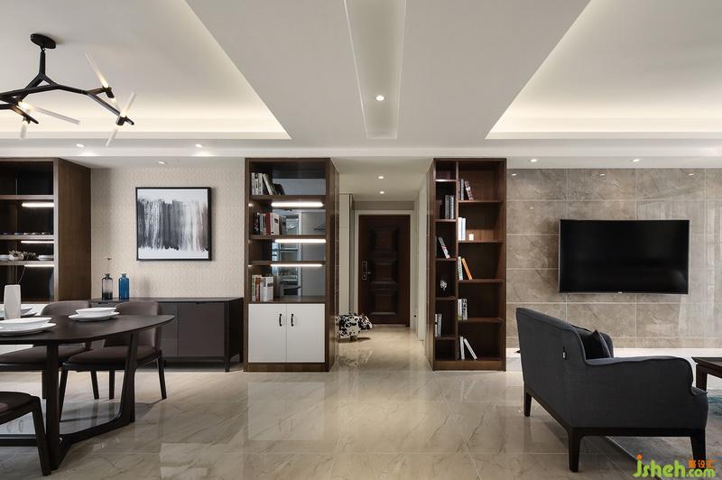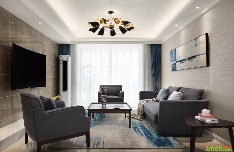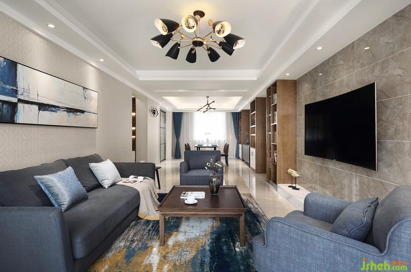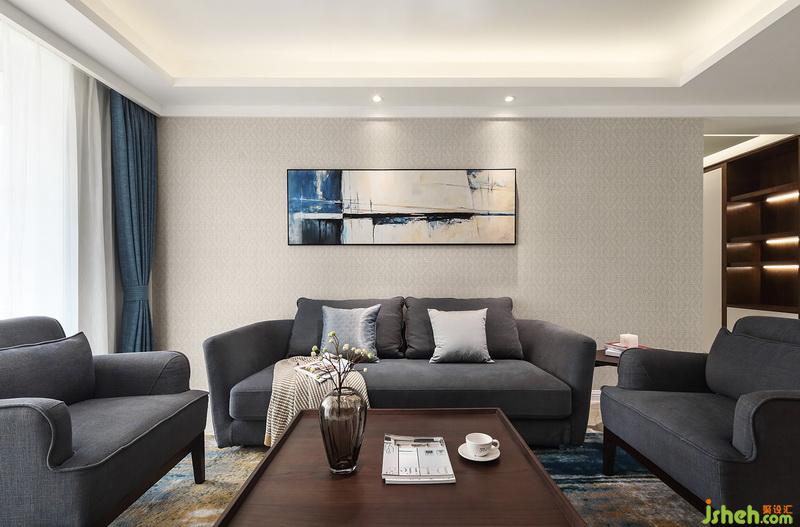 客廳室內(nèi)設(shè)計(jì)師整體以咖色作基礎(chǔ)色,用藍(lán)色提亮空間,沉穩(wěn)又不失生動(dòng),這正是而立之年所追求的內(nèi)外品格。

==

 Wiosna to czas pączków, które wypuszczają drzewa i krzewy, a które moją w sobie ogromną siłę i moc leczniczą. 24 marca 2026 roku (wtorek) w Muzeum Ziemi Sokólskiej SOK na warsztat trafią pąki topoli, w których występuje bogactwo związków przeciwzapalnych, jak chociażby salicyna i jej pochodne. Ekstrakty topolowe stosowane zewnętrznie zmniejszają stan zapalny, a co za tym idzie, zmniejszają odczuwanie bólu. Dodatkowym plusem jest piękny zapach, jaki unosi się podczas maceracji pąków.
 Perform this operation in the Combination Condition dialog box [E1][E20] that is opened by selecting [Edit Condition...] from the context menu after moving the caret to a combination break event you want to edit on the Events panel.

● **AIM OF THE EXERCISE**:
Word for word, restate the lines of the listing above starting at the line with "Wiosna to czas" and ending at the line with "Perform this operation", and nothing outside them.

● **OUTPUT OF THE TASK**:
 Wiosna to czas pączków, które wypuszczają drzewa i krzewy, a które moją w sobie ogromną siłę i moc leczniczą. 24 marca 2026 roku (wtorek) w Muzeum Ziemi Sokólskiej SOK na warsztat trafią pąki topoli, w których występuje bogactwo związków przeciwzapalnych, jak chociażby salicyna i jej pochodne. Ekstrakty topolowe stosowane zewnętrznie zmniejszają stan zapalny, a co za tym idzie, zmniejszają odczuwanie bólu. Dodatkowym plusem jest piękny zapach, jaki unosi się podczas maceracji pąków.
 Perform this operation in the Combination Condition dialog box [E1][E20] that is opened by selecting [Edit Condition...] from the context menu after moving the caret to a combination break event you want to edit on the Events panel.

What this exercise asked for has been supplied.